In our previous studies, enzymes (i.e., naringinase, α-l-rhamnosidase, and β-glucosidase) extracted from the fermented broth of Aspergillus niger have been investigated to eliminate the bitter taste of citrus juice. It was found that some enzyme extracts prepared by ammonium sulfate precipitation could significantly decrease the content of the bitter chemicals naringin and limonin (detailed data not shown). Further experiments have revealed that naringin is hydrolyzed to the non-bitter compound naringenin by the action of naringinase, while the limonin is precipitated from the juice as a result of the action of the ammonium sulfate that enters the juice in the process of the enzyme treatment. Thus, by chance, ammonium sulfate was discovered to precipitate the limonin in citrus juice. In our recent study, the limonin in the pummelo peel was observed to be able to be extracted by warm water, which might indicate a limonin resource that could be extracted without using organic solvent or base solutions.

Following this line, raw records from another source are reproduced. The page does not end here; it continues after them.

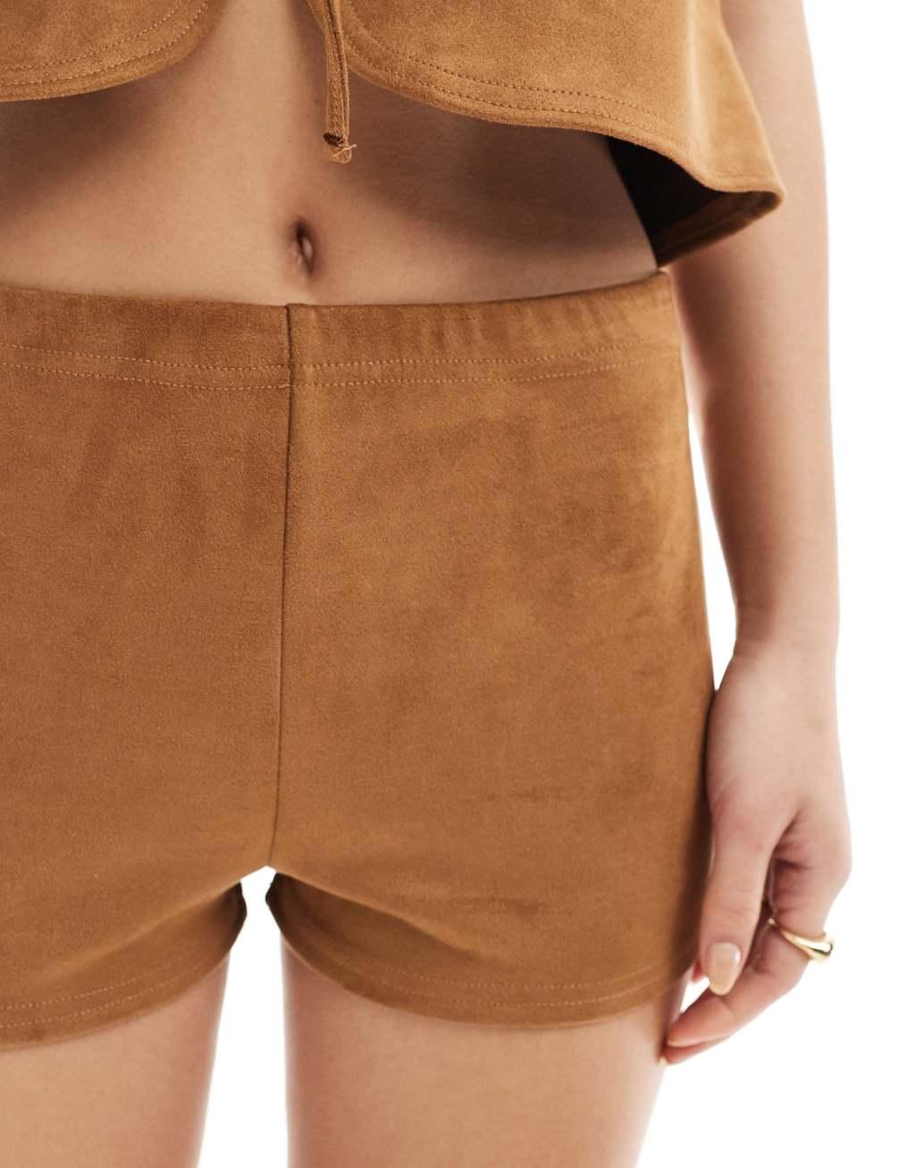 Miss Selfridge western suede look booty shorts in tan | ASOS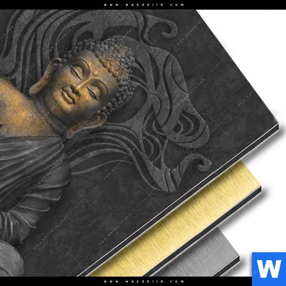 Buddha - Feng Shui Aluminiumbild mit metallischem Effekt inkl. vormontiertem Rückrahmen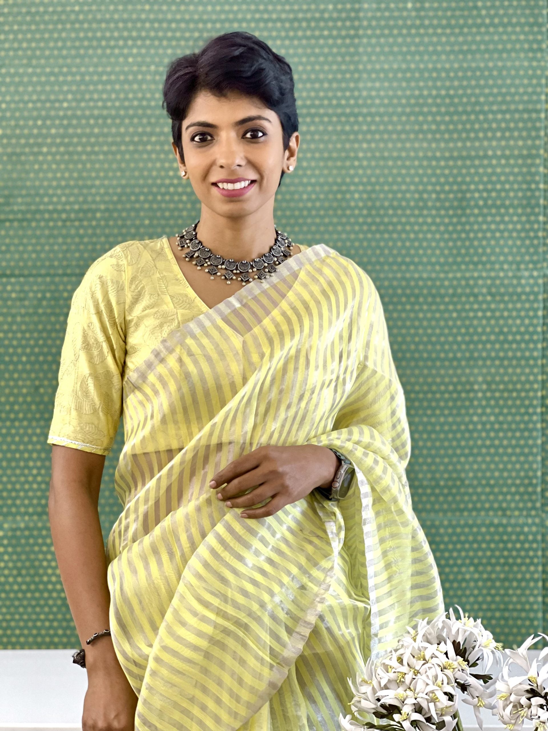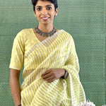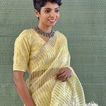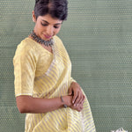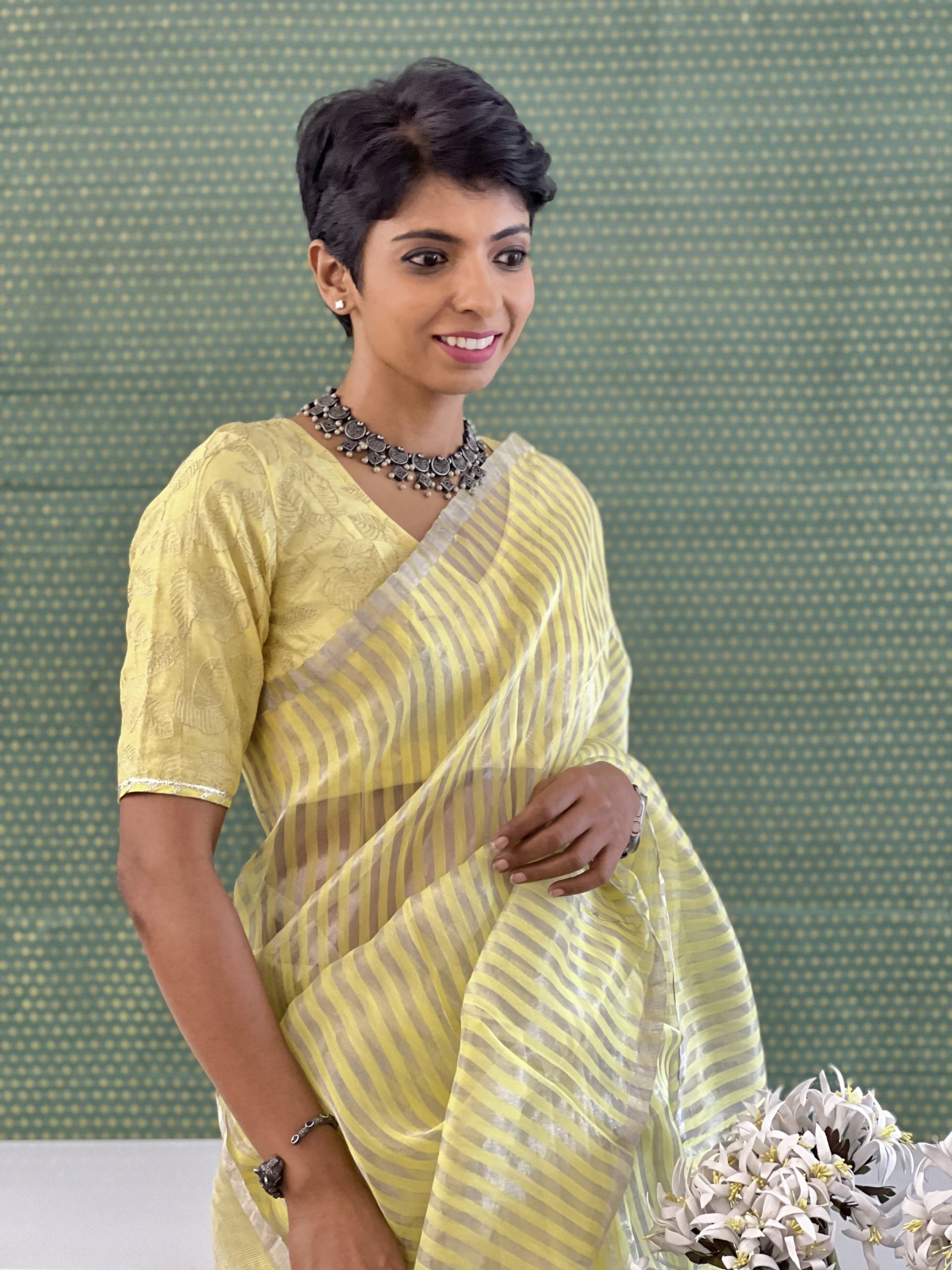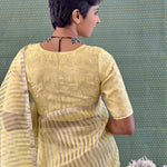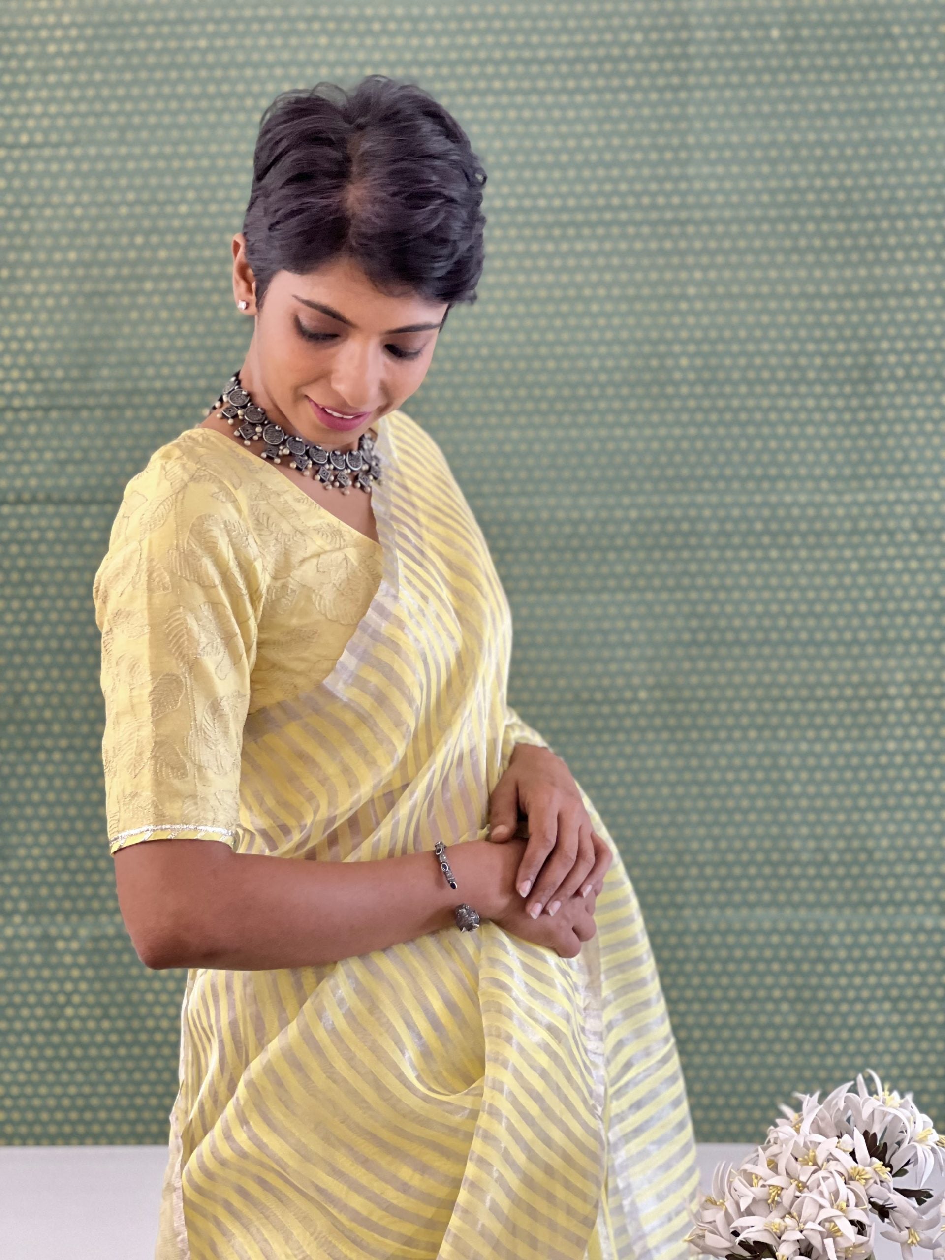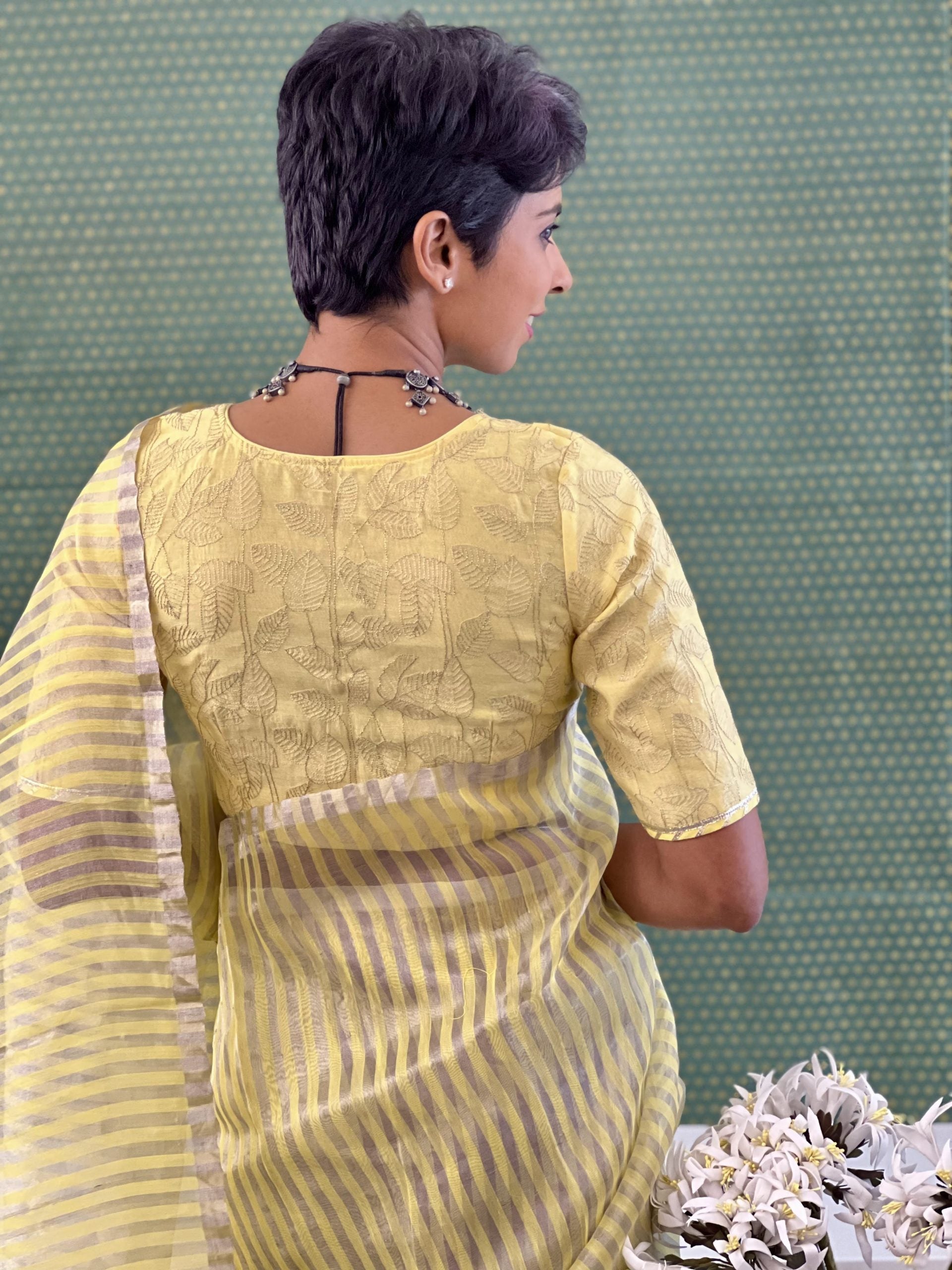 Lemon yellow chandheri blouse . The blouse features intricate leaf pattern embellished with zari thread, detailing at the sleeves with elbow-length, which provide a comfortable and modest fit. Blouse has scoop-neckline which gives a flattering and feminine silhouette. Note : The blouse is completely lined with mul mul cotton.

Hence, the limonin in the water extract could similarly be precipitated after the addition of ammonium sulfate. In this context, the aim of the present study was to characterize the limonin recovery from the pummelo peel using water extraction and ammonium sulfate precipitation, with the expectation of developing a simple and green process for limonin production. The specific content includes (1) the analysis of the content of limonin in the pummelo peel, (2) the development of a procedure for limonin recovery using water extraction and ammonium sulfate precipitation, and (3) the purification and identification of the limonin.